[The problem] The reply must contain exactly the lines below from the one with "2019/12/04 「大葉盃第六屆全國高中職金手指日文打字比賽」資訊 |" down to the one with "Milk Choc Chunk", both included, and nothing more; please omit the pictures.

--- Data listing ---

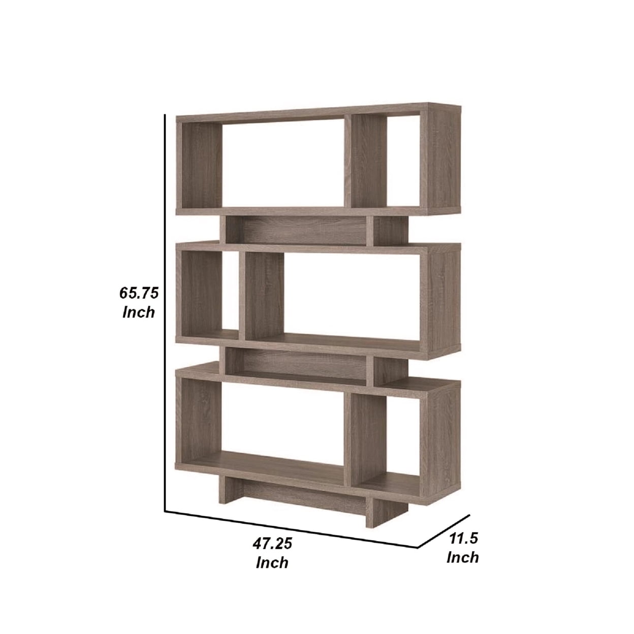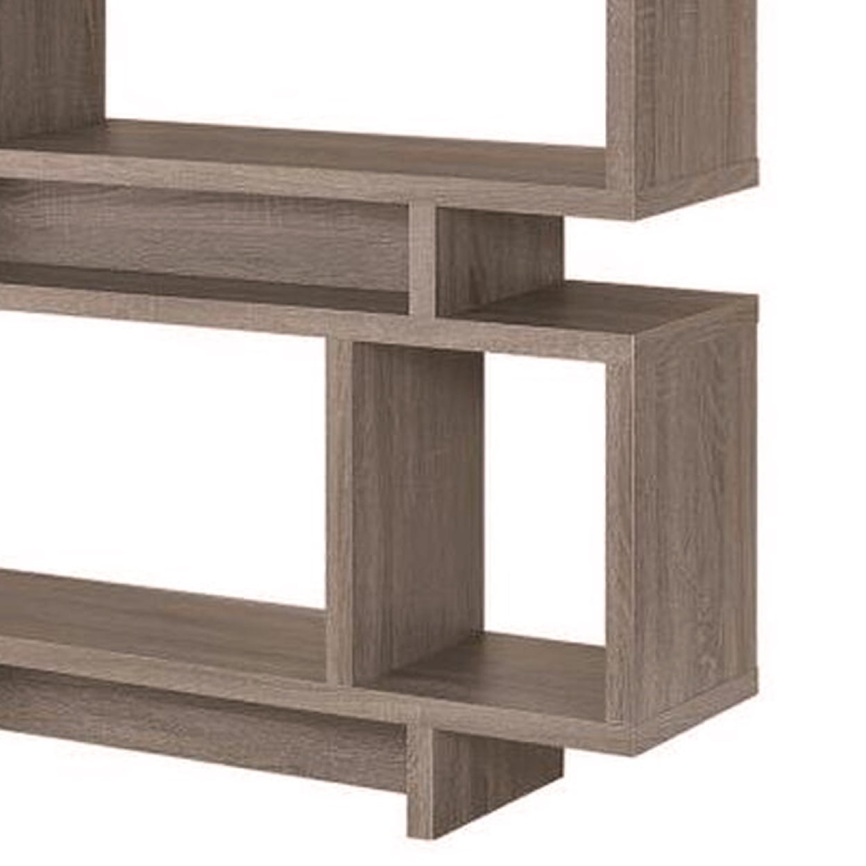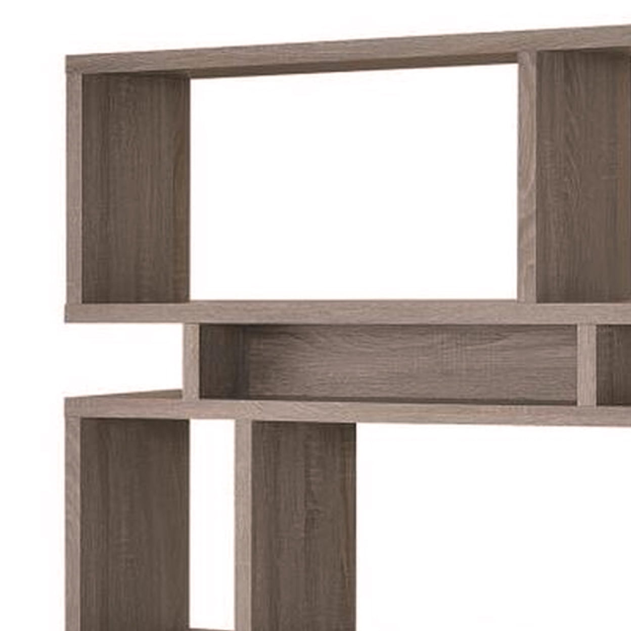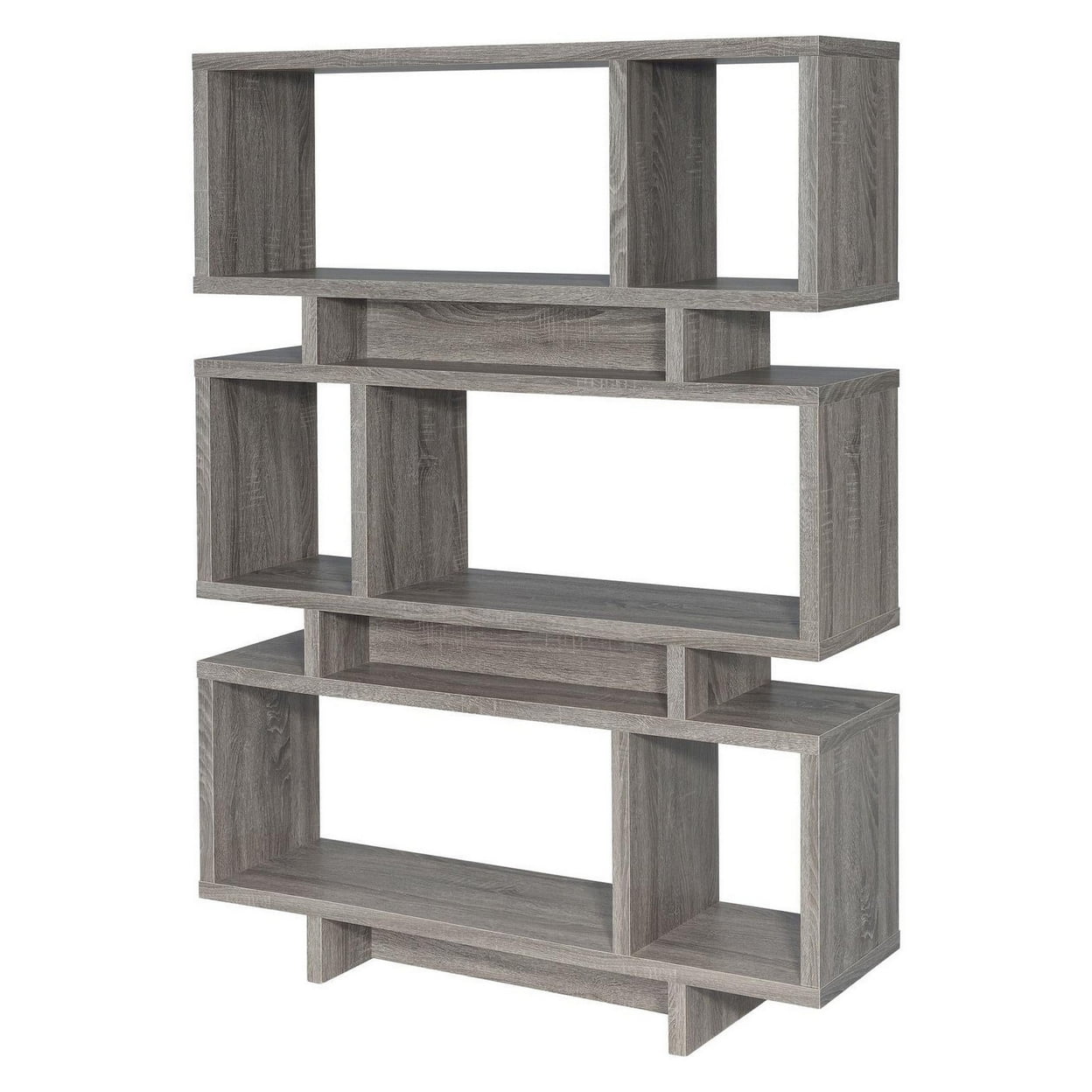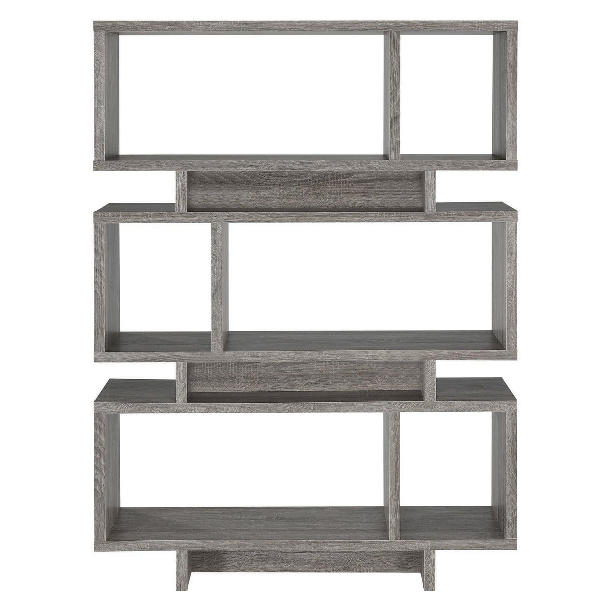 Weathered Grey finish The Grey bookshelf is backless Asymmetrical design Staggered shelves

---
--- Data listing ---

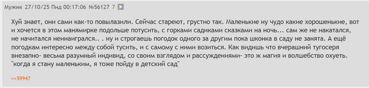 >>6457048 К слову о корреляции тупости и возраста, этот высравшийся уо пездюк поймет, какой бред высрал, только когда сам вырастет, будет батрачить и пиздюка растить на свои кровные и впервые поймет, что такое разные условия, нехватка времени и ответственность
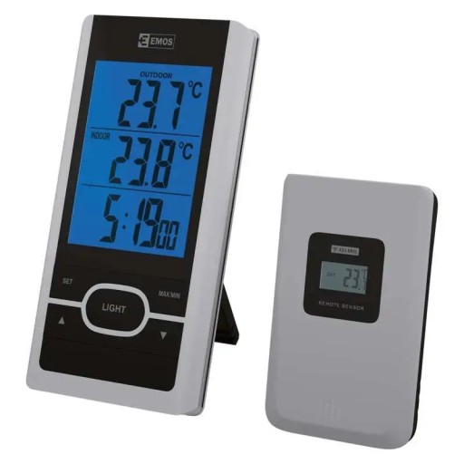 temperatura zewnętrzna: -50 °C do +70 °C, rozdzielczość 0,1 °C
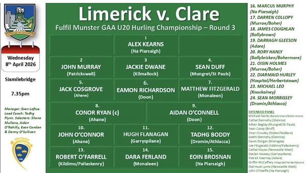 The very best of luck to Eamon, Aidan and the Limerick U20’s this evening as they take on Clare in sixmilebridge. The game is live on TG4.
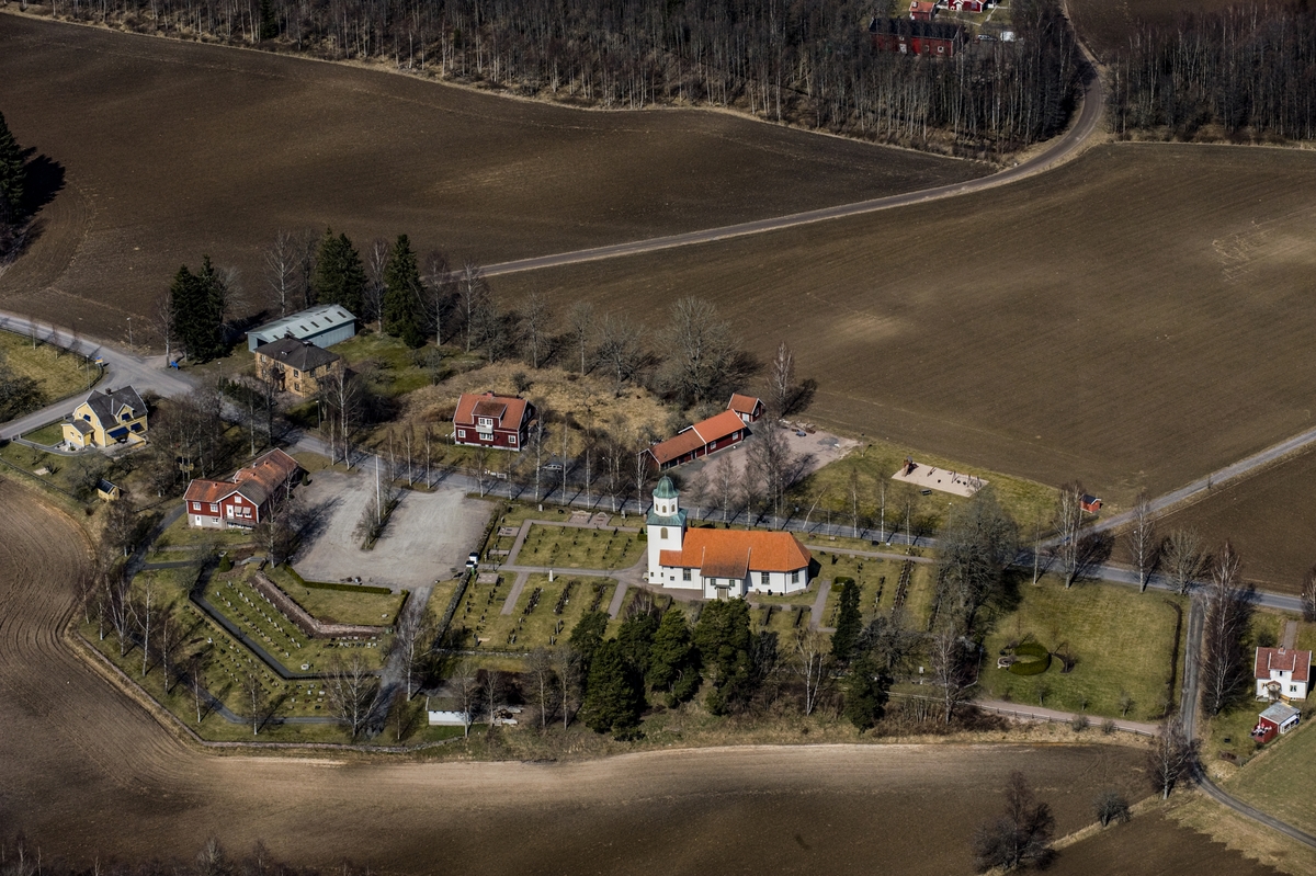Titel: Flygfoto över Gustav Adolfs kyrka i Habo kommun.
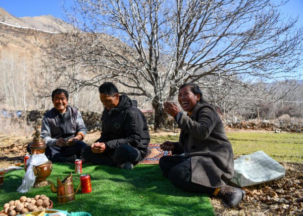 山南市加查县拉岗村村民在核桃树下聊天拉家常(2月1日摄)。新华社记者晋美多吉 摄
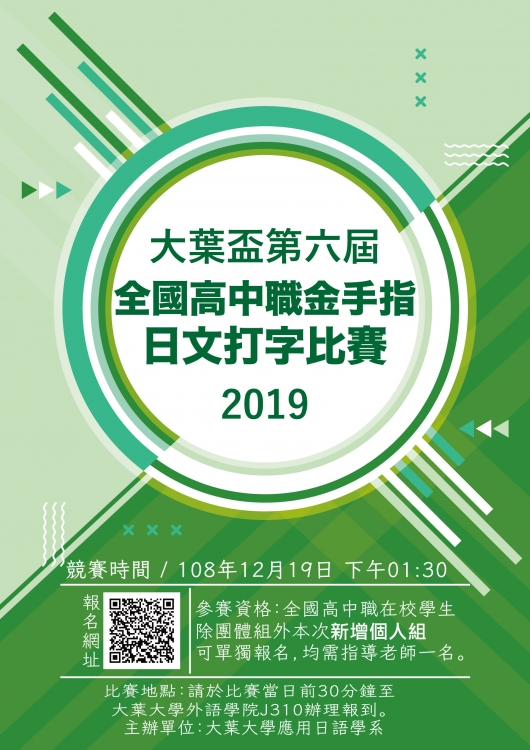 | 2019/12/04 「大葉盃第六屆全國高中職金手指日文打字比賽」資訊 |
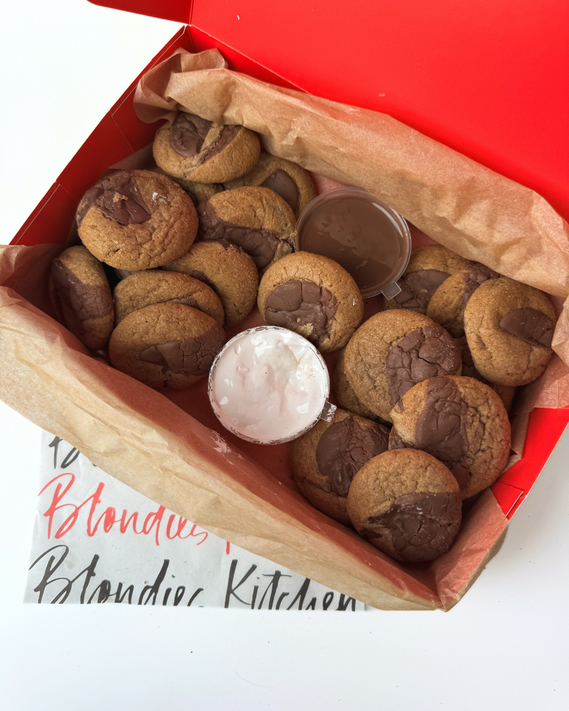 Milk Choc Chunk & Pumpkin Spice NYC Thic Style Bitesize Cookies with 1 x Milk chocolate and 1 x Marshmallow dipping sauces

---
--- Data listing ---

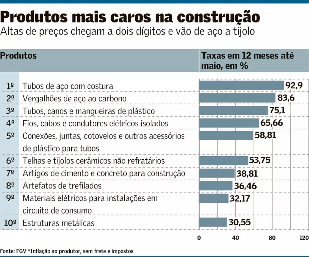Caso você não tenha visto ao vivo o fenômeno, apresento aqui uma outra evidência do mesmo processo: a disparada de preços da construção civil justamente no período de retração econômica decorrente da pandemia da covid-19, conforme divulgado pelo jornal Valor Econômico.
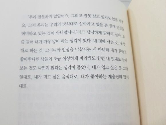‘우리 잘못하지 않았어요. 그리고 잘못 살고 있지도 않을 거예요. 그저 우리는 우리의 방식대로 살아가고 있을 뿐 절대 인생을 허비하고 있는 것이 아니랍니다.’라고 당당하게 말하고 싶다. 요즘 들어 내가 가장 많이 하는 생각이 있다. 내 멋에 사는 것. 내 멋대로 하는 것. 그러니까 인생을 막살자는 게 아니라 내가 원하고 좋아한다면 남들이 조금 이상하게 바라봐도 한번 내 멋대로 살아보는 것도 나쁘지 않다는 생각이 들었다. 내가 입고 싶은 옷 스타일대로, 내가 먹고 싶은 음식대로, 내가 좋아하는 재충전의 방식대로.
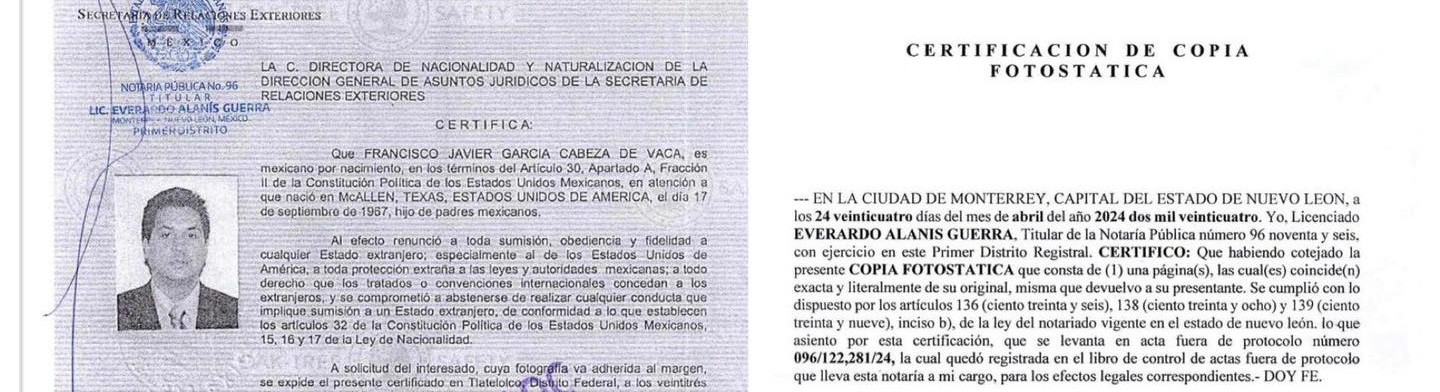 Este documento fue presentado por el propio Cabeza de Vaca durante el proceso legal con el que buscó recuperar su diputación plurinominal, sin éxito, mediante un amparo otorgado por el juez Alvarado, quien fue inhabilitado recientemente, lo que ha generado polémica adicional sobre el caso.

---

[Result]
 | 2019/12/04 「大葉盃第六屆全國高中職金手指日文打字比賽」資訊 |
 Milk Choc Chunk & Pumpkin Spice NYC Thic Style Bitesize Cookies with 1 x Milk chocolate and 1 x Marshmallow dipping sauces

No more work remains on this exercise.